マンションの外壁塗装は経費で落ちるの?勘定項目についての基本

  • 東京都の塗装職人 会社名:株式会社 カルテット
    宇野 清隆
    所在地: 東京都小平市花小金井7-18-5
    ウインズC-101
○マンション、アパートのオーナー様からご質問を頂く
「修繕費」と「資質的支出」についてご説明をさせて頂きます。

Q&A 外壁塗装工事は経費で落とせますか

Q.築14年の木造アパートを所有しているオーナーですが、外観の見栄えも悪くなってきたので、初めての外壁塗装を検討しています。
業者に見積もりをお願いしたところ、工事に必要な見積金額の提示は約40万円でした。
青色申告をしているのですが、外壁塗装工事で支出した金額は、一括で経費として計上できるのでしょうか。

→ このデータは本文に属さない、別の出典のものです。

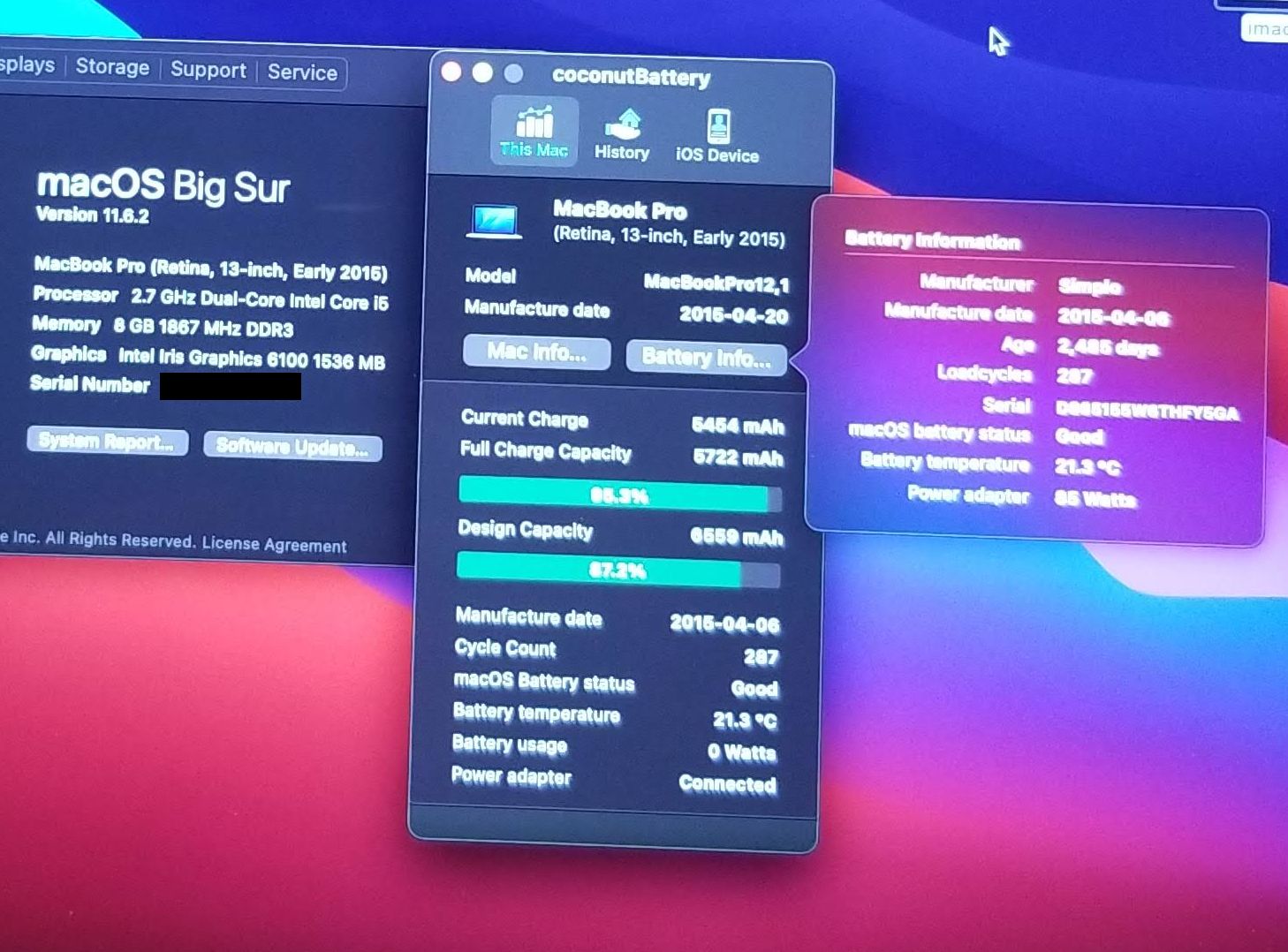 All keys & Trackpad TESTED. Cycle Load 287, Battery Hold 87%

A.賃貸物件には、定期的なメンテナンスやリフォームは必要ですから、賃貸経営をしている期間には、
多額の工事代金の支出が必要になります。
そのときに、経理上、「修繕費」か「資本的支出」という選択になりますが、
税額が違ってきますから大きな問題となります。

修繕費とは、その年度の必要経費として一括に計上できる支出となります。
資本的支出とは、支払った費用が資産として計上されますので、
数年に分けて必要経費(減価償却)として処理されます。
どちらも、最終的に、所得から差し引かれる金額は同じですが、早く必要経費とした方が

手元に現金が残るので、万が一の場合でも備えがあることで安心感が生まれますので、
なるべく、単年度で経費計上できる費用は計上することをお勧め致します。
本題の「外壁塗装工事の費用40万が経費として落とせるか?
「修繕費」となるか「資本的支出」と見なされかの判断となります。

言葉の定義ですが、「修繕費」とは、汚損・破損した部分を元に戻す修繕や、
維持するための定期的な修繕のための支出となります。
一方、「資本的支出」とは、資産価値を増やすことや、耐久性を増すための支出のことをいいます。
この定義に従えば、今回のアパートの外壁塗装のための支出は新築時の状態に戻すための工事となります
ので「修繕費」と見なされます。

但し、塗装の質を上げる仕様(建築時のアクリル塗料から、耐用年数の長いフッ素塗料で塗り替える場合)、
または、外観のグレードアップが目的で一部分タイル張りにするなど、
資産価値や耐久性を増す場合は、「資本的支出」と見なされますので注意が必要です。
補足ですが、「修繕費」か「資本的支出」の判断に、「少額工事、又は周期の短い費用」は、

全額を修繕費とすることができる、という規定がありますので覚えておくとよいでしょう。
少額工事とは、「20万未満」で、周期の短いとは「だいたい3年以内」です。
要するに、資本的支出に該当するものでも工事費用が20万未満であるか、
大よそ3年以内の周期で行われている支出であれば修繕費とすることができます。

これらの2つに該当しない場合が、前述の定義に照らし合わせて「修繕費」か
「資本的支出」を判断します。
繰り返しとなりますが、「破損・汚損箇所を元に戻す修繕」なら修繕費、
「資産価値の増加や用途変更を伴う修繕」なら「資本的支出」です。

例外として、工事内容によって、どちらに当てはまるかの判断が出来ないケースがあります。
その場合は、「60万円基準」と「前期末の取得価額のおおむね10%相当額以下」という
便法がありますが、少し分かりにくいので、説明は控えます。
最後に、具体的な事例で説明して復習をします。

■浴槽のバランス釜が壊れて全室を交換する費用に300万円支払った場合でも、
内容から「修繕費」となります。但し、バランス釜から給湯器にグレードアップする場合は、
「資本的支出」となります。

■チャイム式のインターフォンから、一台4万円のテレビ付きドアホンを20室に設置をする工事の場合、
当然資産価値が上がりますが、工事代金の合計が80万円かかったとしても、一部屋当たりで
計算すれば20万未満の工事なので修繕費、あるいは消耗品費の扱いです。
内装リフォームで間取を変更した場合は、用途変更となるので「資本的支出」となります。

■入居者が退室の後の空き部屋の状態が酷く、壁や床を元に戻すために必要とする工事の費用が
10万円かかった場合は、「修繕費」となります。
このケースは、「元に戻す修繕」か「資産価値が増加する」の判断します。
建物の状態を永年に保持するには、多額の費用のかかる工事が必要になります。

費用対効果を考慮して効果の高いリフォーム工事をお勧めします。
その際に「修繕費」か「資本的支出」かの判断がとても大事です。